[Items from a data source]
╭──
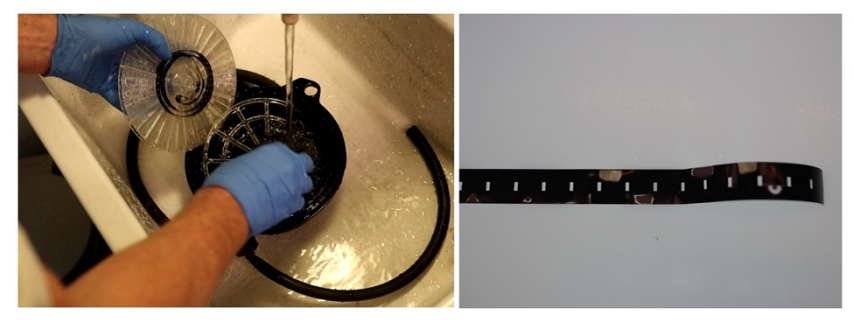
Fig. 6: Lomo tank and 9.5mm film development in action in the film lab.

In total, two recordings were made to test if any imagery was captured on the expired 9.5mm film. In the first test, the exposed frames were cut out of the cassette in the dark room and developed by means of the standard development procedure, reduced to taking four minutes in the development bath. Unfortunately, it resulted in a black negative film strip, showing no exposed images at all. In the second attempt, an even shorter development time – 2 minutes and 30 seconds – was used, but no results appeared either.
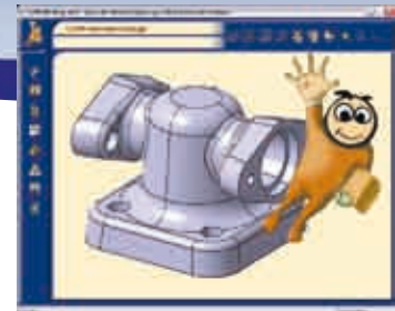
CATIA User Companion for Mechanical Design (MDS)

This CATIA User Companion for Hybrid Design completes the surface course included in CATIA User Companion for Mechanical Design. It is targeting advanced generative surface engineering.
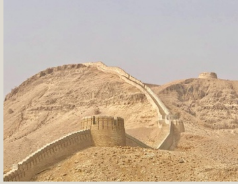
Ranikot Fort Wall Jamshoro - Sindh
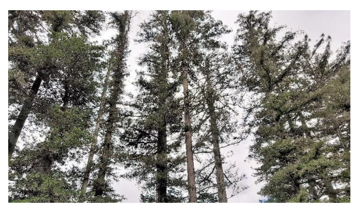
Figure 3: Showing sparse foliage.

Tree #35 should be removed at some time as eventually it will fall.
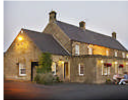
The Ridley Arms, Stannington, Nr. Morpeth, NE61 6EL
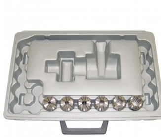
C921 ER32 Collet Set - 6 Piece
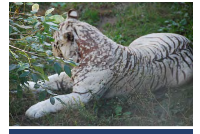
An overweight white tiger with a skin condition at Tri-State Zoo.
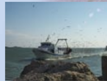
Ref : 2841 PALAVAS Spacious four bedroomed villa situated very close to the town centre. Enclosed planted garden. South-west facing. Garage and two parking spaces. Price : €330,000
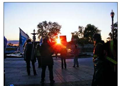
Day is breaking
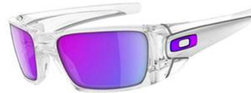
Polished Clear Matte Clear / Violet Iridium OO9096-04 Cost: $117.00(c)
╰──
▸ WORK REQUEST
Send back the data above verbatim, leaving out its pictures.

▸ EXERCISE RESULT
Fig. 6: Lomo tank and 9.5mm film development in action in the film lab.

In total, two recordings were made to test if any imagery was captured on the expired 9.5mm film. In the first test, the exposed frames were cut out of the cassette in the dark room and developed by means of the standard development procedure, reduced to taking four minutes in the development bath. Unfortunately, it resulted in a black negative film strip, showing no exposed images at all. In the second attempt, an even shorter development time – 2 minutes and 30 seconds – was used, but no results appeared either.
CATIA User Companion for Mechanical Design (MDS)

This CATIA User Companion for Hybrid Design completes the surface course included in CATIA User Companion for Mechanical Design. It is targeting advanced generative surface engineering.
Ranikot Fort Wall Jamshoro - Sindh
Figure 3: Showing sparse foliage.

Tree #35 should be removed at some time as eventually it will fall.
The Ridley Arms, Stannington, Nr. Morpeth, NE61 6EL
C921 ER32 Collet Set - 6 Piece
An overweight white tiger with a skin condition at Tri-State Zoo.
Ref : 2841 PALAVAS Spacious four bedroomed villa situated very close to the town centre. Enclosed planted garden. South-west facing. Garage and two parking spaces. Price : €330,000
Day is breaking
Polished Clear Matte Clear / Violet Iridium OO9096-04 Cost: $117.00(c)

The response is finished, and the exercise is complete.